(Source data)

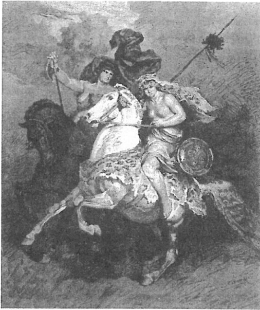
5.- Las amazonas. La ilustración Ibérica, 1881.
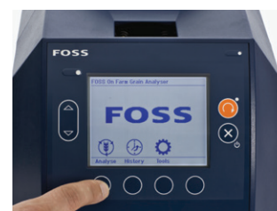
2. Выбрать тип зерна
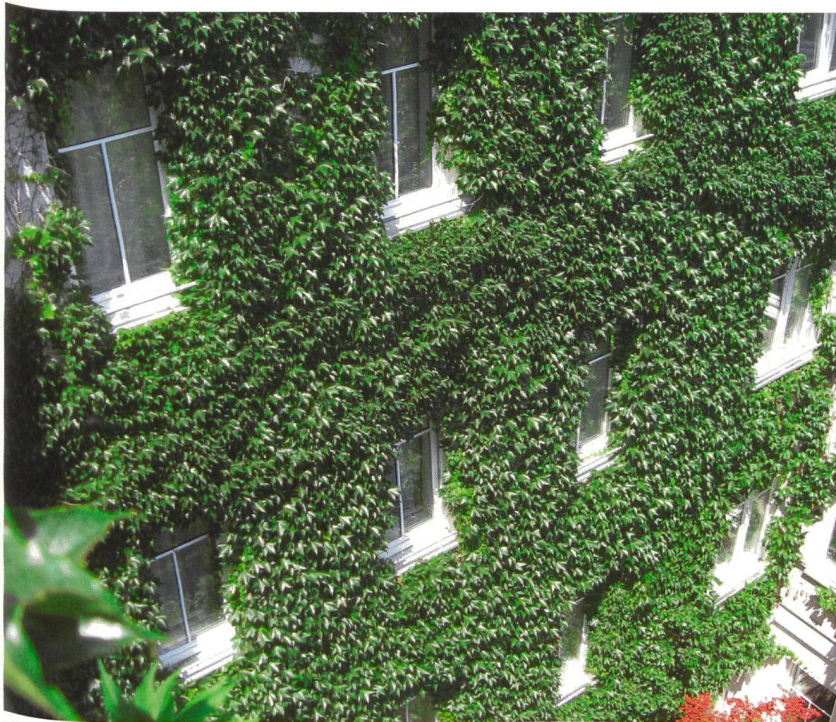
Azra Korjenic (3)

(End Source data)

▸ Your task
Keep every word of the data as it is when you write it out, but drop the pictures.

▸ Answer section
5.- Las amazonas. La ilustración Ibérica, 1881.
2. Выбрать тип зерна
Azra Korjenic (3)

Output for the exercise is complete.